The genre of the book is difficult to classify. Scholar Dorothy Z. Baker noted that the book has been variously defined as "Transcendental travelogue, a sketchbook, and a social and political tract".

==Publication history and response==
Fuller began working on the book upon her return to New England. She completed the manuscript on her 34th birthday in 1844. In preparing the book, she did further research on the region at the library at Harvard College; she is believed to be the first woman allowed to use Harvard's library.

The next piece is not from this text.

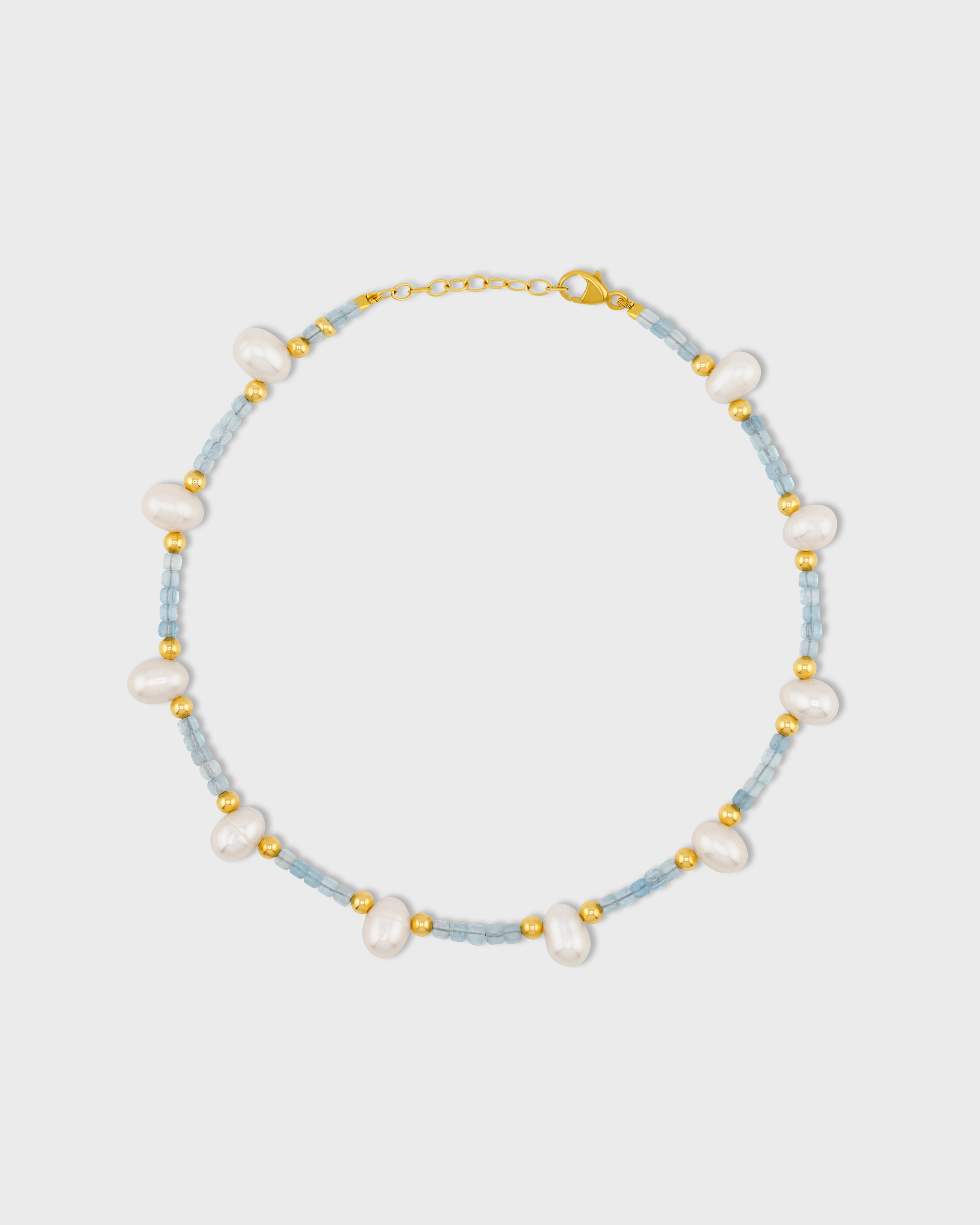 Natural aquamarine, freshwater pearls, and gold beads hand strung in the heart of New York City and finished with 14 karat yellow gold.

The book was published in May 1844 by Little & Brown; it went into three printings in Fuller's lifetime. Critic Evert Augustus Duyckinck called it "the only genuine book, I can think of, this season." Some critics, however, disliked the lack of coherence in the book. In a review in the Christian Examiner, Unitarian minister Caleb Stetson commented that the book was made up of "things connected by no apparent link of association with the objects which seem to fill her eye and mind... except for the fact that they occurred in the course of her reading or were called up from the depths by some mysterious association".

An abridged version edited by her brother Arthur Buckminster Fuller was published posthumously in 1856 in a collection titled At Home and Abroad; or, Things and Thoughts in America and Europe.